The person's gaze can be estimated by an eye-tracker with one or more sensors to obtain data that represents movements of the eye, e.g. by means of a camera sensitive to visible and/or infrared light reflected from an eye. The eye tracker may comprise a computing device programmed to process image signals from the sensor and to compute a representation of the user's gaze. The representation of the user's gaze may comprise a direction e.g. given in vector form or as point, conventionally denoted a point-of-regard, in a predefined virtual plane. The virtual plane may coincide with the predefined display plane that in turns coincides with a face of the display.
Displaying a user interface element can be performed by different means e.g. by configuring the user interface as an opaque display with light emitting diodes (a so-called non-see-through HMD), or as a semi-transparent e.g. liquid crystal display, as a semi-transparent screen on which a projector projects light beams in a forward direction (a so-called see-through HMD), or as a projector that in a backwards direction projects light beams onto the user's eye ball.
The user-interface element is a graphical element and may be selected from a group comprising: buttons e.g. so-called radio-buttons, page tabs, sliders, virtual keyboards, or other types of graphical user-interface elements. The user-interface element may be displayed as a semi-transparent element on a see-through display such that the person can see both the object and the graphical element at the same time.
The computer-implemented method detects the event that the point-of-regard coincides with the spatial expanse of the user-interface element while the gaze dwells on the object.

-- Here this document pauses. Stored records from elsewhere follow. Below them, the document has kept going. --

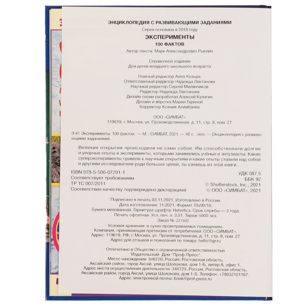 Энциклопедия с развивающими заданиями. 100 фактов. Эксперименты (Рыклин Марк Александрович); Умка, 2022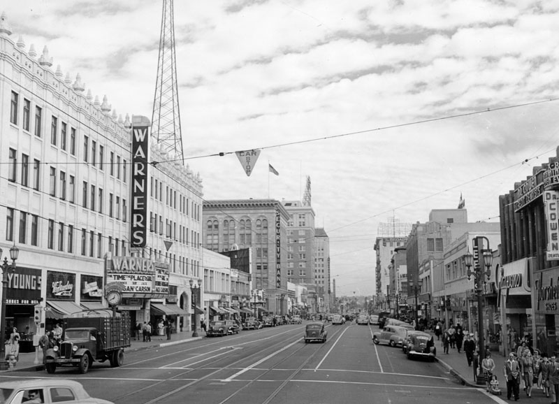 KFWB’s towers were on the roof of Warner’s Hollywood theater, seen in this January 1946 photo when it was showing The Time, The Place and the Girl. The Cole Porter biopic Night and Day with Cary Grant and Alexis Smith was screening on 8/6/46.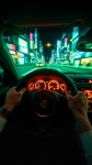 Cyberpunk Tokyo Street from Car Cockpit Perspective at Night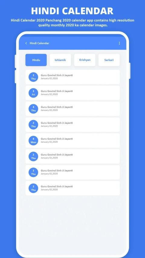 Hindi Calendar 2020 app help to get the auspicious days for the year 2020 calendar. Like as Giraha pravesh muhurat, Giraha aramv muhurat, Vahan muhurat, Mundan muhurat, Subha muhurat, Nama Karana muhurat for 2020 calendar year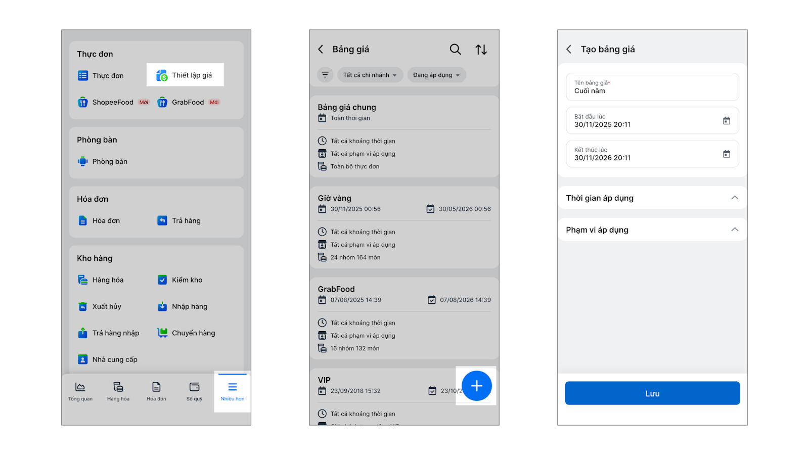 - Quản lý theo phạm vi: Áp dụng giá riêng cho từng chi nhánh, phòng/bàn hoặc khu vực cụ thể trong nhà hàng, quán ăn.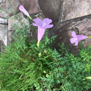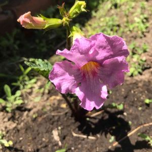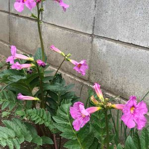 日陰に強いお花ということで、3月に苗を植えていた子が、今日咲いてくれました😄 ✨こんにちは😃はじめまして、インカビレアさん🤗✨ あったかくなって、🌿がどんどん大きくなってきてきたので、どんなお花に出会えるのかとワクワク((o(´∀`)o))ワクワクしていました😆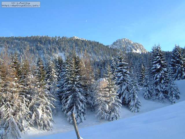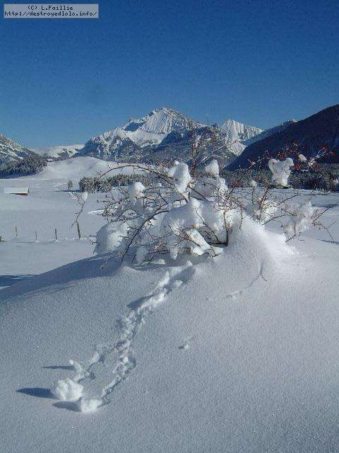 Grosses chutes de neige l'avant-veille : de la peuf, de la peuf, de la peuf ! En plus, grand soleil alors que la vallée est restée toute la journée dans le brouillard.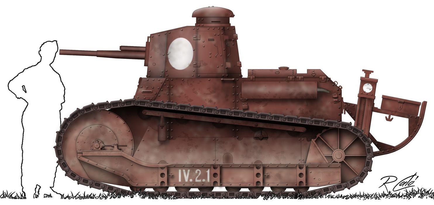 The Italian Army obtained very few FT tanks for carrying out tests; these were so encouraging that the Italian HQ decided to produce their own light tank, closely modelled on the French FT. Help was given to the Fiat company of Turin to start the design of the Fiat 3000 tank. Although the Fiat 3000 was developed from the FT, and retained the same basic shape and layout, it differed from the French tank and contained a number of original features. Much development work was carried out, and it was not until June 1919 that a prototype was ready. After some tests, marked by breakdowns, production started and the very first tank was completed in the summer of 1920, called Carro Armato modello 1921 (Tank, model 1921), 100 of which were produced until the end of 1928.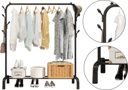 Тази самостоятелна закачалка за рокли и палта предлага щедро място за окачване на облекла и в същото време практична полица за съхранение на обувки, кутии или кошници. Здравата рамка от стоманени тръби с черно покритие осигурява дълъг експлоатационен живот и елегантен минималистичен дизайн, който подхожда на всеки интериор.

The computer-implemented method may continuously verify whether the gaze is fixed on the object. This can be done by computing the distance between the gaze and a predefined point representing a location of the object. The location of the object may be defined in various ways, e.g. by a coordinate point or multiple coordinate points in the predefined display plane; this may involve computing a coordinate transformation representing a geometrical transformation from a scene camera's position and orientation to the predefined display plane. The at least one point falling within a definition of the location of the object may be a point falling within a geometrical figure representing the location and expanse of the object e.g. a figure enclosing a projection of the object e.g. as a so-called bounding box.
Determining whether the gaze dwells on the object located in the first and the second images may be performed by monitoring whether the point-of-regard coincides with the location of the object in both the first image and a further image. A first temporal definition of dwell may be applied to decide whether the gaze dwells on an object before the user interface is displayed. A second temporal definition of dwell may be applied to decide whether the gaze dwells on the object after the user interface is displayed e.g. while the person turns his/her head, which may comprise an additional time interval to ensure that the person deliberately wants to activate the user interface element.
Monitoring whether the person's gaze dwells on the object can be determined in different ways e.g. by recording a sequence of images with the scene camera and on an on-going basis determining whether location of the object coincides with an estimate of the gaze. A predetermined time interval running from the first time it was detected that the location of the object coincided with the gaze may serve as a criterion for deciding whether a more recent estimate of the gaze coincides with the location of the object.
The step of processing the event by performing an action may be embodied in various ways without departing from the claimed invention. Performing an action may comprise communicating a predefined message. The communication may be take place via a predefined protocol e.g. a home automation protocol that allows remote control of home devices and appliances via power line cords and/or radio links. The predefined message may be communicated in one or more data packets.
A message may also be denoted a control signal, a command, a function call or a procedure call, a request or the like. The message is intended to respond to and/or initiate communication with a remote system that is configured to be a part of or interface with the object in a predefined way.
In embodiments with a scene camera, the scene camera may record a sequence of still images or images from a sequence of images such as images in a video sequence. Some or the images are from a situation where the person's gaze is directed to the object and further image(s) is/are from a later point in time when the person's gaze is still directed to the object, but where the person has turned his/her(s) head a bit and where the gaze coincides with the user interface element.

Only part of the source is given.